### GIVEN MATERIAL:
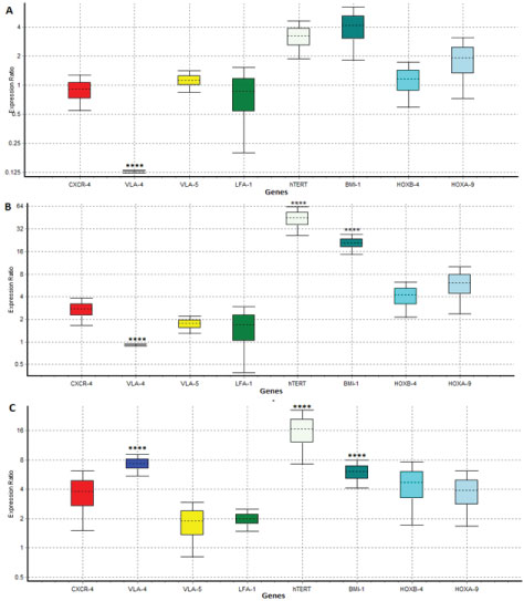 The importance of HOXB-4, BIM-1, HOX-A9, and hTERT in HSC self-renewal has been demonstrated before [15]. Several studies revealed that amplified expression of Bmi-1 and HOXB-4 directed to the symmetrical cell division of HSC and effects in HSC expansion [22,23]. Also, other studies exhibited an ectopic expression of HOXB-4 can mediate a significant expansion of HSC and also HOXB-4 and HOXA-9, enhance HSC activity [24].
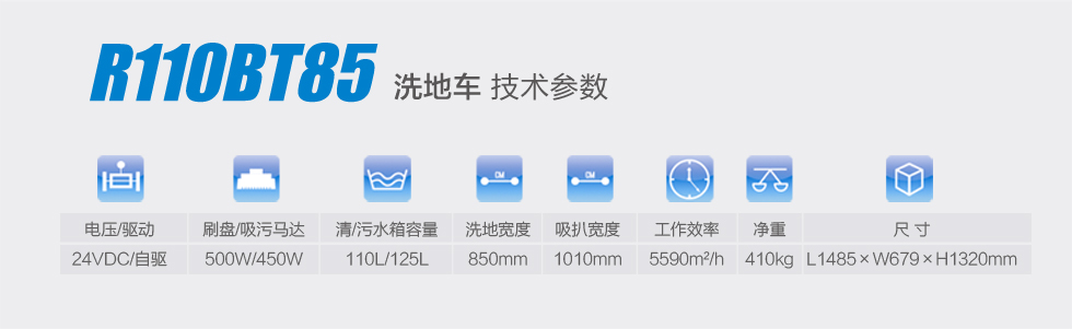 R110BT85 驾驶式洗地车,一款拥有“极高清洗效率”的世界领先的高品质洗地车。通过实践,其效率相当两台大型手推式洗地机。极小的回旋直径,在狭窄的区域内也有最佳机动性。轻松通过90厘米宽度的门道。
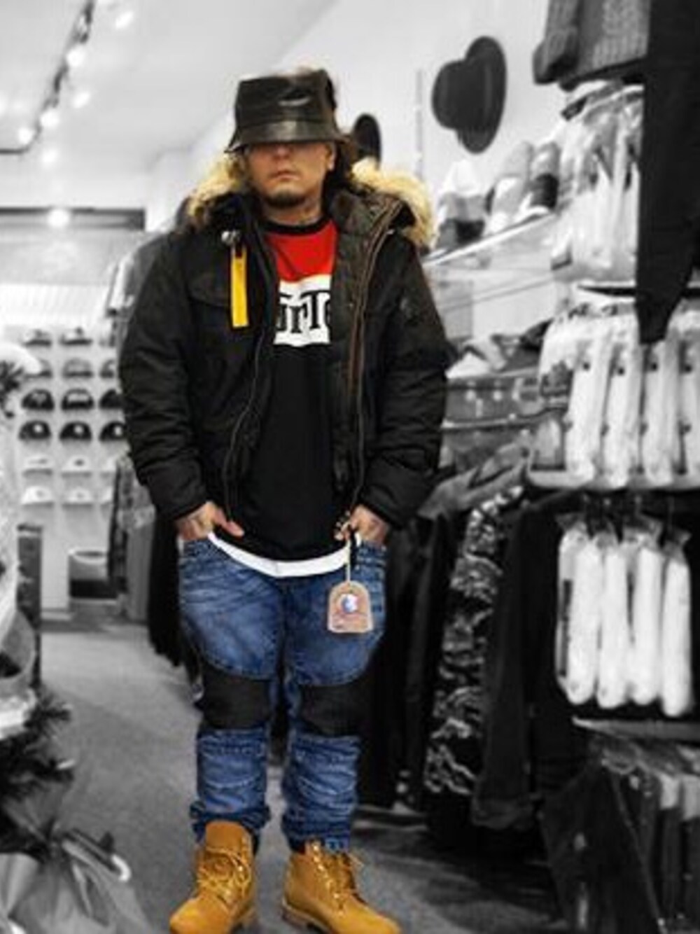 SQWAREのハット「KBETHOS PU LEATHER BUCKET HAT」を使ったコーディネート

### TO DO:
Print verbatim every line above, apart from the pictures.

### TASK ANSWER:
 The importance of HOXB-4, BIM-1, HOX-A9, and hTERT in HSC self-renewal has been demonstrated before [15]. Several studies revealed that amplified expression of Bmi-1 and HOXB-4 directed to the symmetrical cell division of HSC and effects in HSC expansion [22,23]. Also, other studies exhibited an ectopic expression of HOXB-4 can mediate a significant expansion of HSC and also HOXB-4 and HOXA-9, enhance HSC activity [24].
 R110BT85 驾驶式洗地车,一款拥有“极高清洗效率”的世界领先的高品质洗地车。通过实践,其效率相当两台大型手推式洗地机。极小的回旋直径,在狭窄的区域内也有最佳机动性。轻松通过90厘米宽度的门道。
 SQWAREのハット「KBETHOS PU LEATHER BUCKET HAT」を使ったコーディネート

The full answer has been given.